The BBC Dimensions site could easily have devoured my entire evening:

Dimensions takes important places, events and things, and overlays them onto a map of where you are.

Type in your postcode or a place name to get started.

Take, for example, the Apollo 11 lunar landing. I've posted before about a map illustrating how tiny an area Armstrong and Aldrin covered during their various walks across the lunar surface, but seeing the same details superimposed on my local town square or the pitch at St James' Park makes for an even better illustration of the concept.

I do have two small criticisms of the way the site works:

  1. The site doesn't remember locations between views.
    Once you pick an event, you're shown the chart of that event overlaid on the image of a randomly selected geographical area and are then invited to enter a post code or place name upon which to superimpose the map.
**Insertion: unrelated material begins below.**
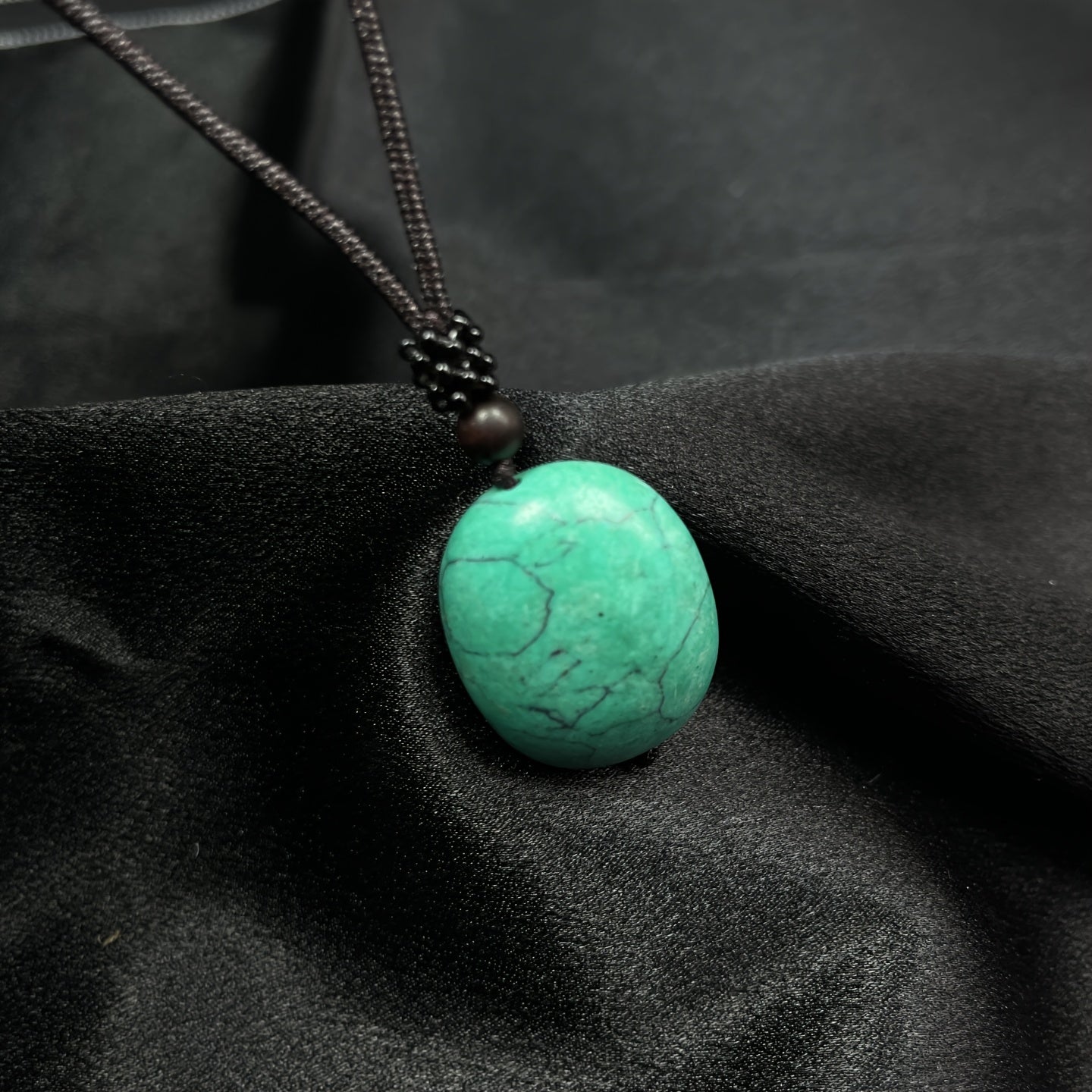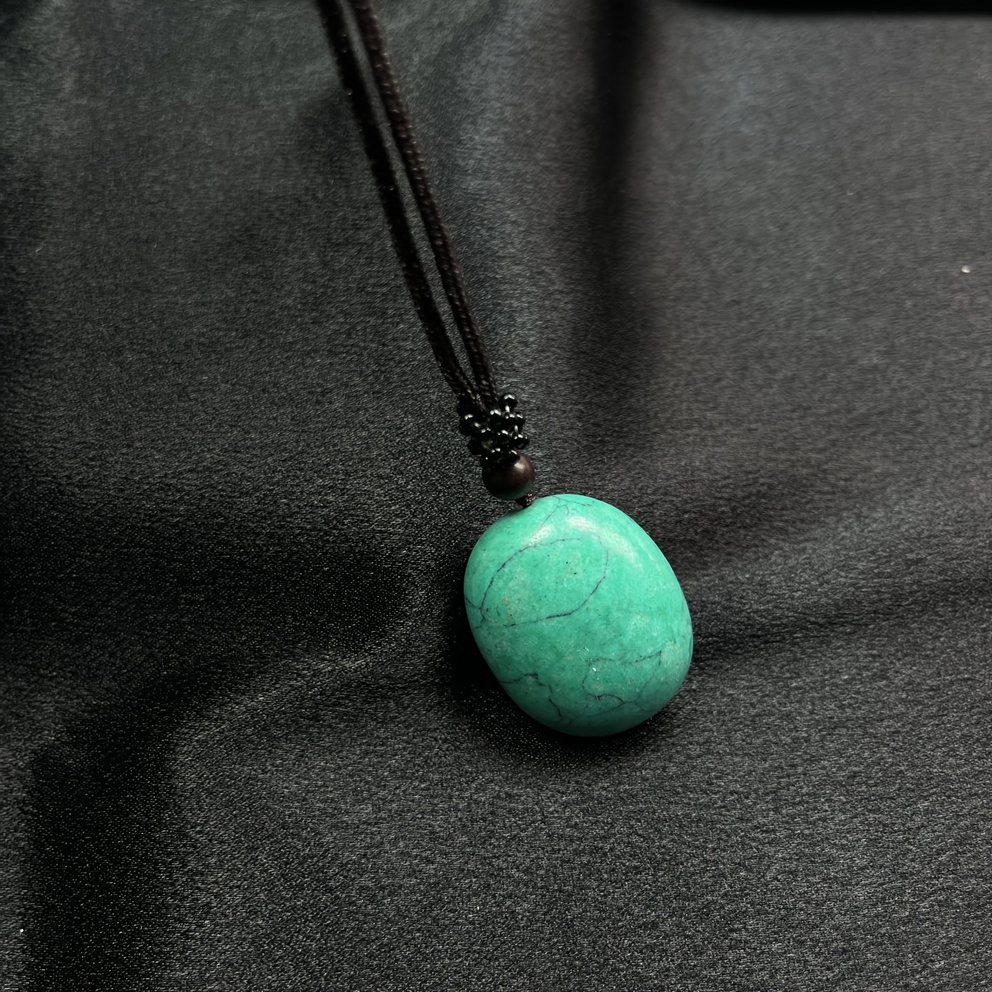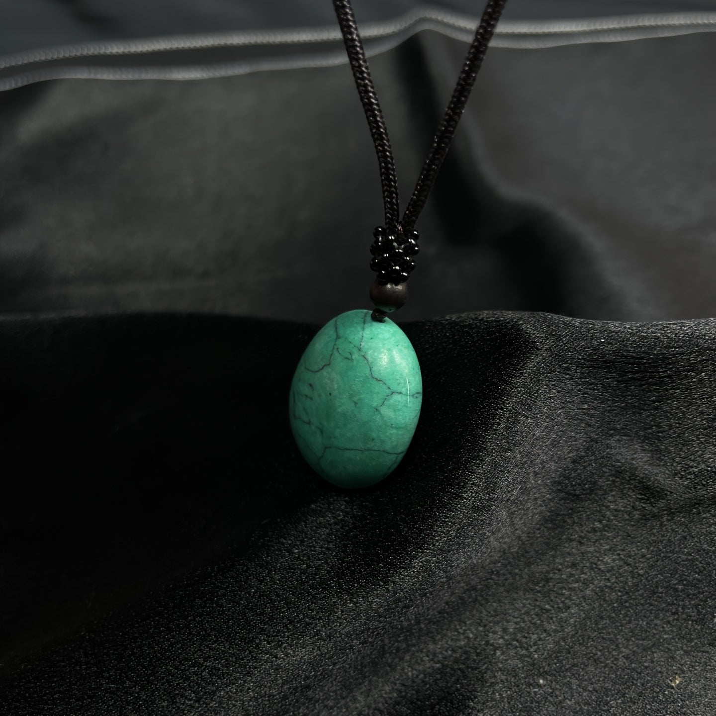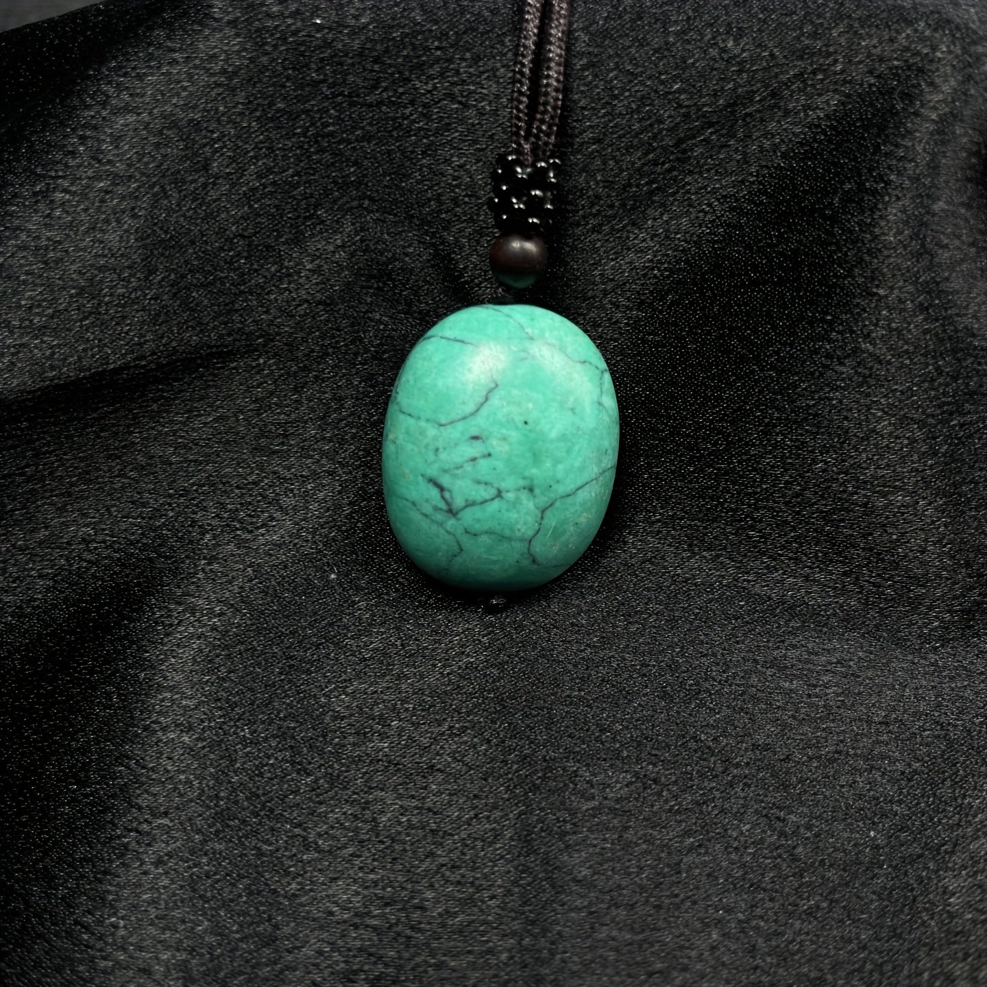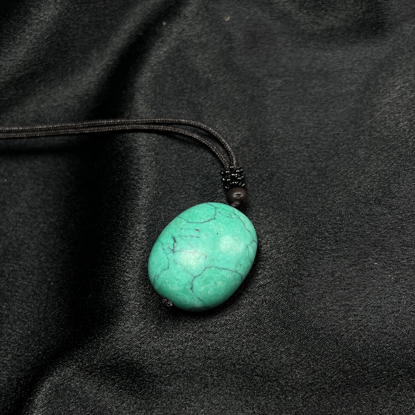 Green Cracked Pattern Pendant Necklace with Cord Unisex

That's fine first time round, but then when you pick another event the site forgets the place name/post code you entered first time round and picks another random location.

    I'd prefer that once you've entered a location the site would remember that location and use it as the default for the next event you selected. I would imagine that most users will want to use the same locale – be it their home, a local landmark or whatever – as the focal point for successive comparisons.1

  2. Sometimes close enough isn't good enough.
    Even when using post codes, sometimes the map that is produced won't be quite centered on the location you entered. Trouble is, there's no way I can find to 'grab' the superimposed chart and drag it to precisely where you wanted it.

    It so happened that the St James' Park image did sit squarely on the pitch. If the image had been centered on, say, the ground's main stand instead I'd have had no way to move the image so that the entire journey took place on the pitch.

That said, it's a sign of how well-done the site is that these comparatively trivial issues are the biggest gripes I can come up with. It's fine work by all concerned.

[Via kottke.org]

  1. The site's designers may well have evidence of actual usage patterns that proves me wrong, of course. I can only say that I found myself repeatedly having to enter the same location name.